:: Collected material ::
☆ ☆ ☆ ☆
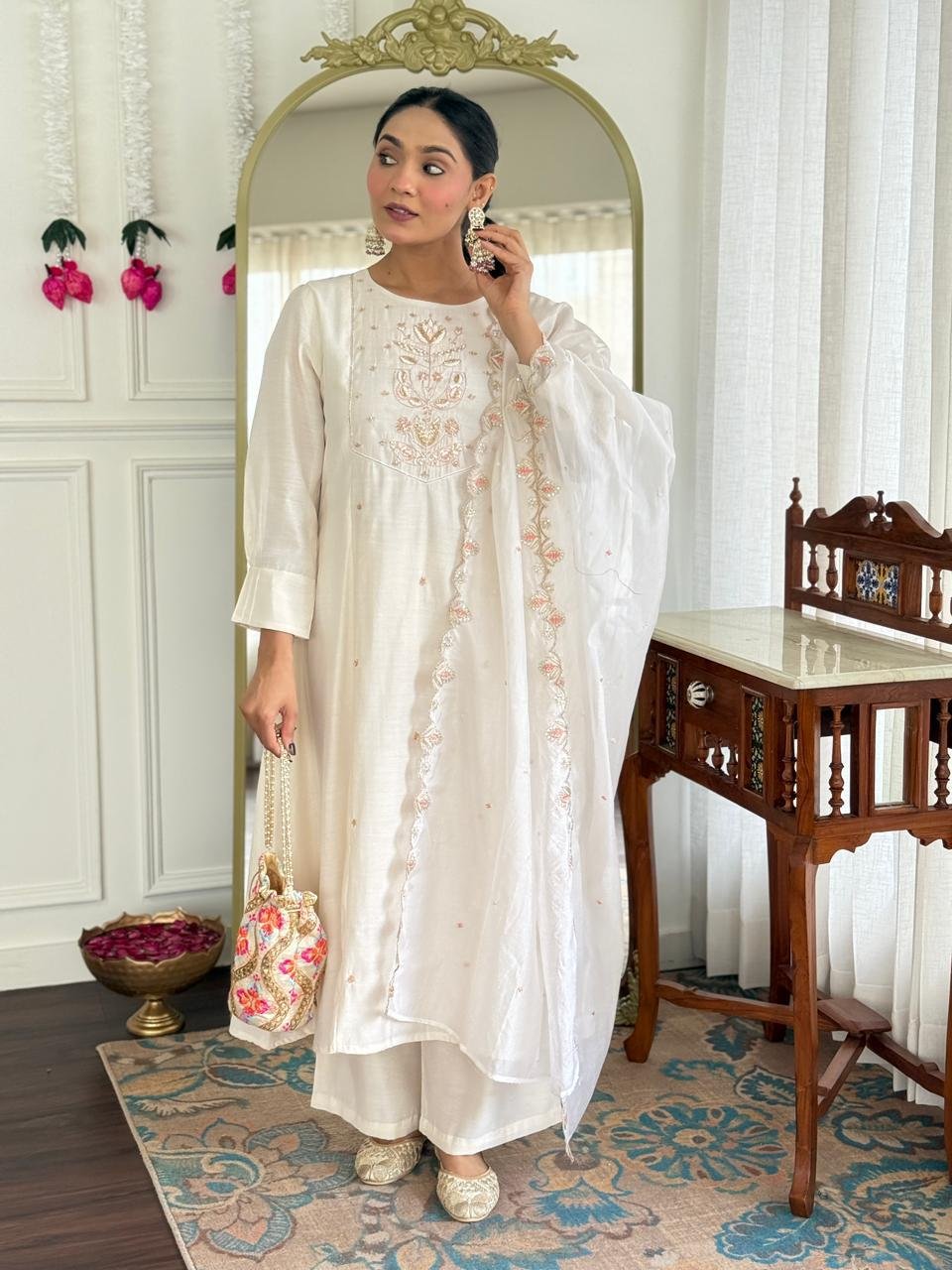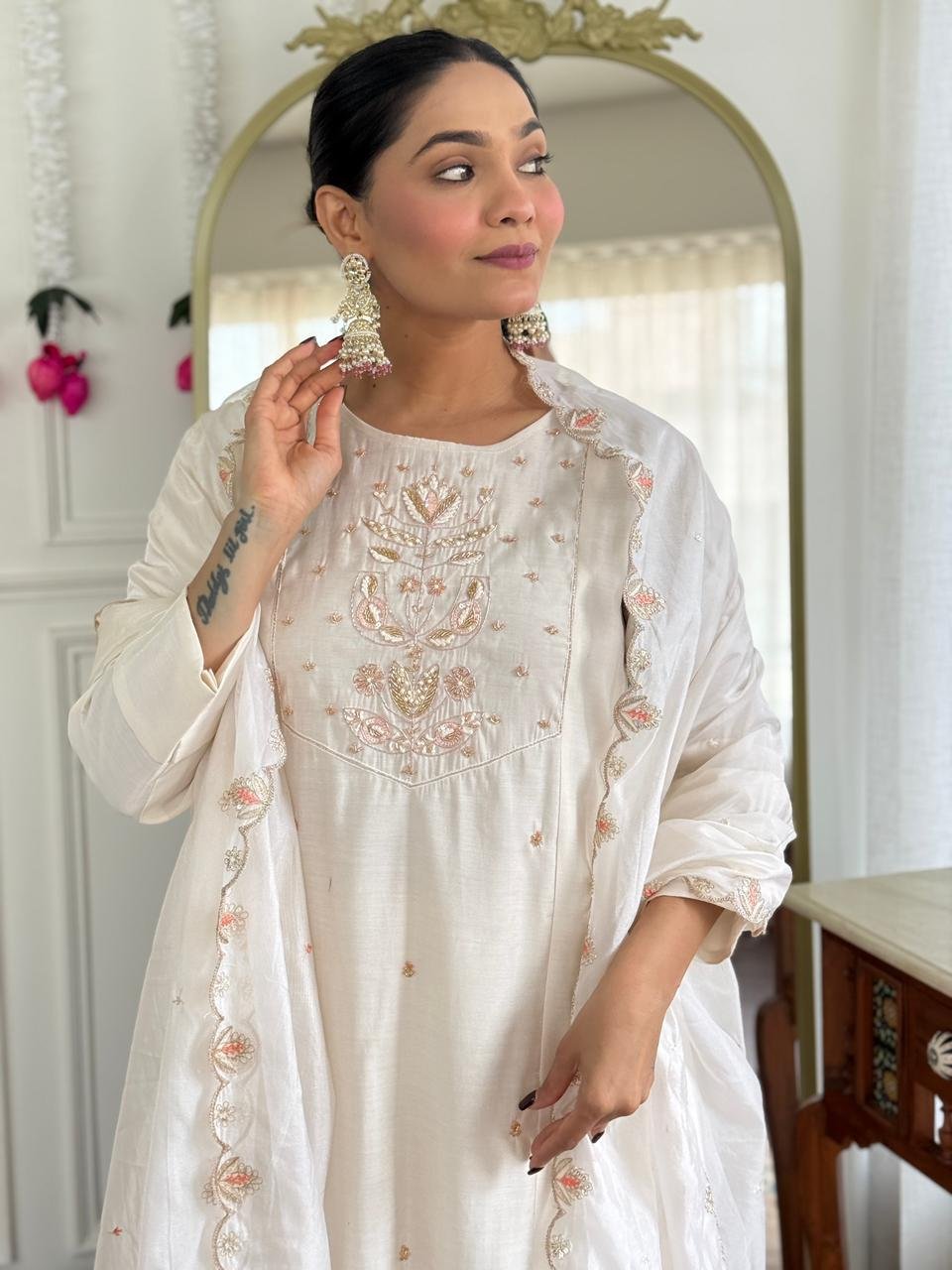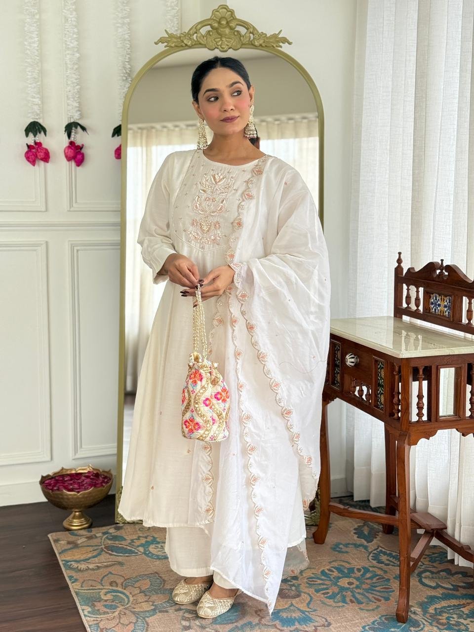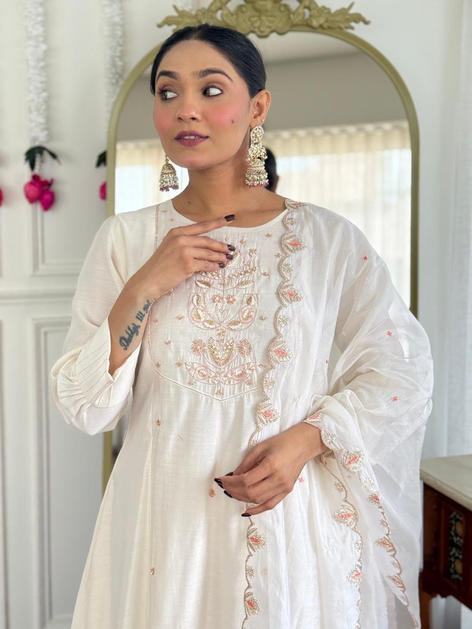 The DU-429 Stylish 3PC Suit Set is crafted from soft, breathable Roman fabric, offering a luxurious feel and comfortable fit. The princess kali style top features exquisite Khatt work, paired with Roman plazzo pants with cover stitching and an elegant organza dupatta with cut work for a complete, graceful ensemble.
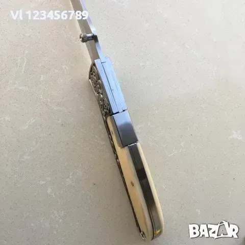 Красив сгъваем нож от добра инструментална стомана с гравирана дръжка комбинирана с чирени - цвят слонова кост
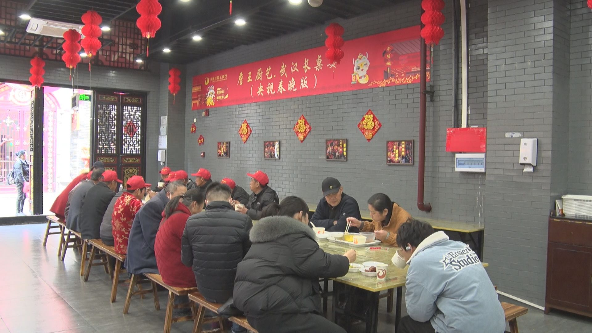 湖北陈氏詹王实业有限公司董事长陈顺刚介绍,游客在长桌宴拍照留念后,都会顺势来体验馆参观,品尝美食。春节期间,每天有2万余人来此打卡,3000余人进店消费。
☆ ☆ ☆ ☆
Reproduce the listing above from the line that contains "Красив сгъваем нож" through its final line, exactly and with nothing added. Omit the images.

:: Task result ::
 Красив сгъваем нож от добра инструментална стомана с гравирана дръжка комбинирана с чирени - цвят слонова кост
 湖北陈氏詹王实业有限公司董事长陈顺刚介绍,游客在长桌宴拍照留念后,都会顺势来体验馆参观,品尝美食。春节期间,每天有2万余人来此打卡,3000余人进店消费。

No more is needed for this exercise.